## ABOUT THIS TASK
Once you find the line below that has "Women's black panties", output it and every line after it exactly, stopping after the line that has "新款 手提木纹PU首饰盒多层大容量节日送礼化妆品金银珠宝首饰收纳", with no pictures.

## EXCERPTED RECORDS
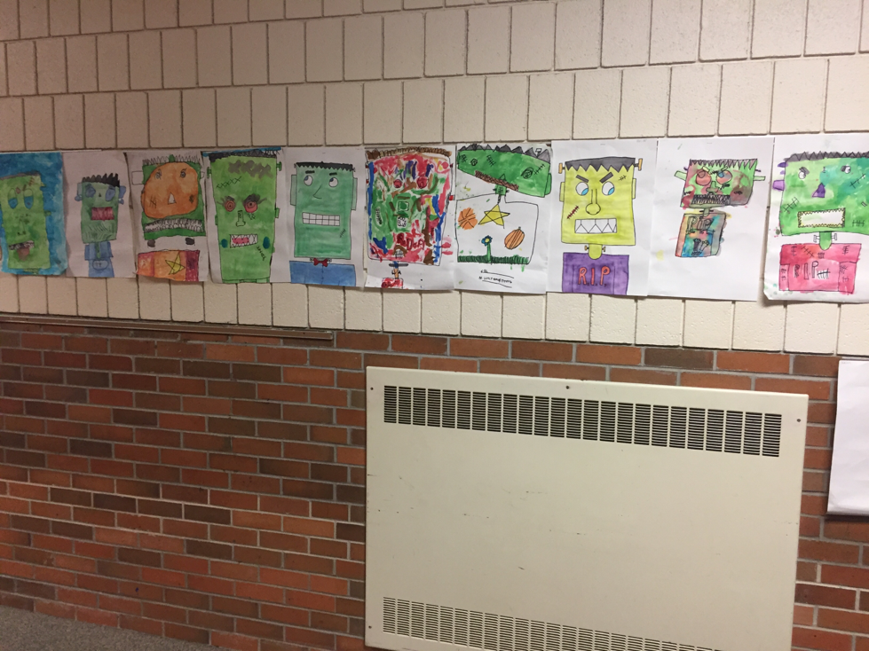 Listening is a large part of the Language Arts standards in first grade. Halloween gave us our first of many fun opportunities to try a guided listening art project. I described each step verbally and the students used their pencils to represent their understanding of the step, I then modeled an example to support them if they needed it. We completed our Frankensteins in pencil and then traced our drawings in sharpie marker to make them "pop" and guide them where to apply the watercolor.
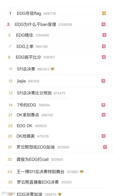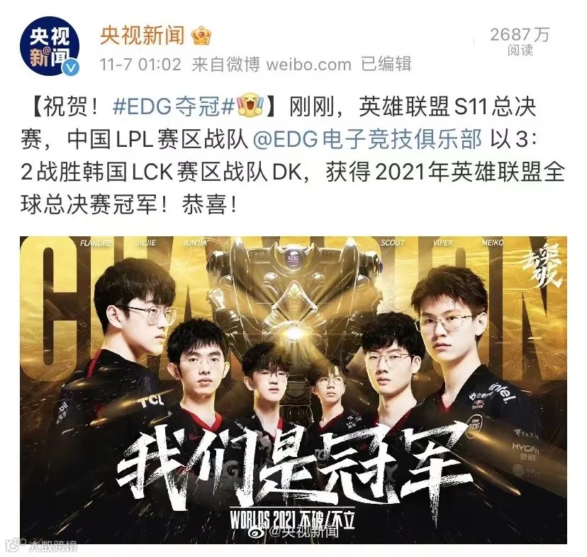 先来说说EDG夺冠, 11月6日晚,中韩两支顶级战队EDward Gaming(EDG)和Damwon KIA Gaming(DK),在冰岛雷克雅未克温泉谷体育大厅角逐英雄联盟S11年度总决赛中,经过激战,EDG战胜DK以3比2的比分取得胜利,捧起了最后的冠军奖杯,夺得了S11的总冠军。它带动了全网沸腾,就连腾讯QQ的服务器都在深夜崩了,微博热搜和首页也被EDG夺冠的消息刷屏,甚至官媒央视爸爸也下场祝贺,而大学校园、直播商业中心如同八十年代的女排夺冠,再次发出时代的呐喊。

==

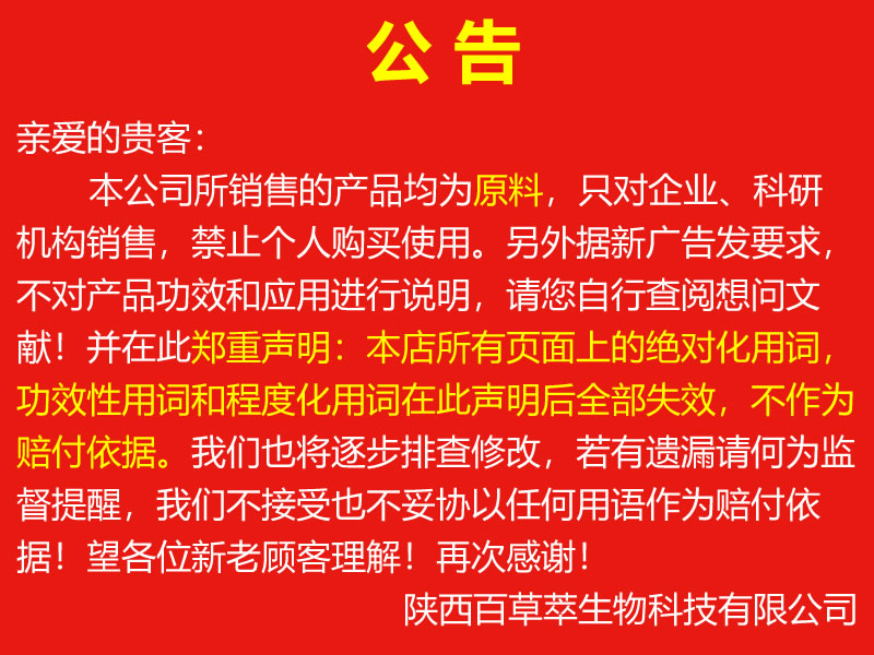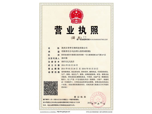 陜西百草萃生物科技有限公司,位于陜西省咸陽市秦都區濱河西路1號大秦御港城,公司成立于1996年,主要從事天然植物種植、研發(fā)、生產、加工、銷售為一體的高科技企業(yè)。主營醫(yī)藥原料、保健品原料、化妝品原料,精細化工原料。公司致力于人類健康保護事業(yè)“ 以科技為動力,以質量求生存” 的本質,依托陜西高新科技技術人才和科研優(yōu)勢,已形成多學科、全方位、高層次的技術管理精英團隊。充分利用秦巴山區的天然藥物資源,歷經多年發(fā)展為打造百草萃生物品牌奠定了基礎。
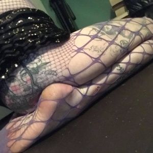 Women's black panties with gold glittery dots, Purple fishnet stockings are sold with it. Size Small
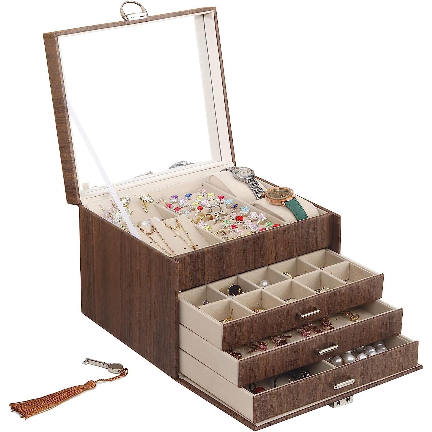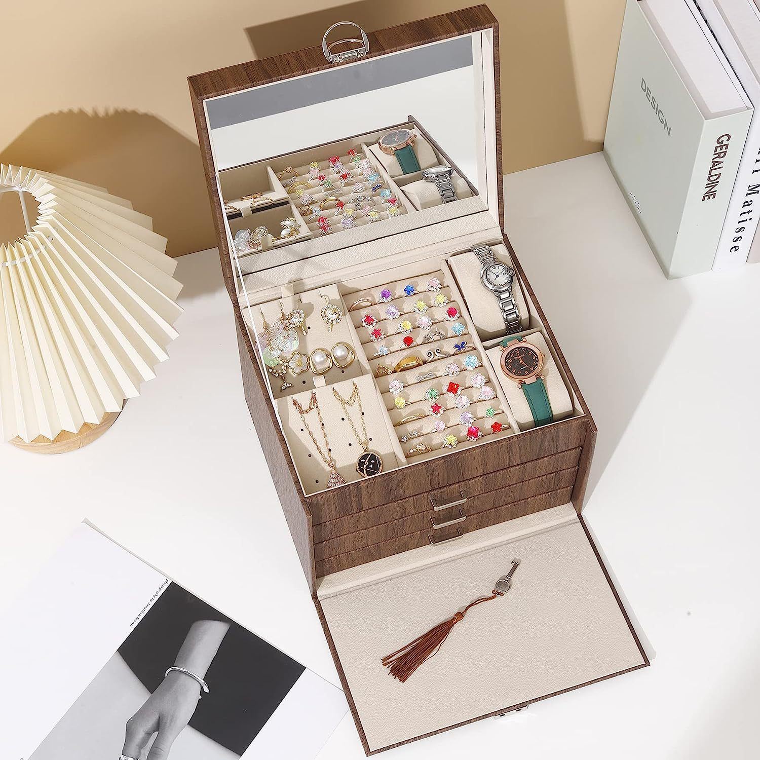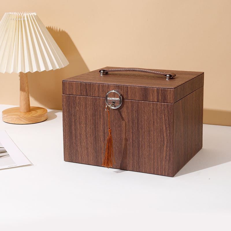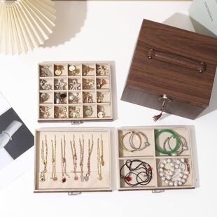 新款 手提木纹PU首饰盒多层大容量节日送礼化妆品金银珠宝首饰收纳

## ANSWER SPACE
 Women's black panties with gold glittery dots, Purple fishnet stockings are sold with it. Size Small
 新款 手提木纹PU首饰盒多层大容量节日送礼化妆品金银珠宝首饰收纳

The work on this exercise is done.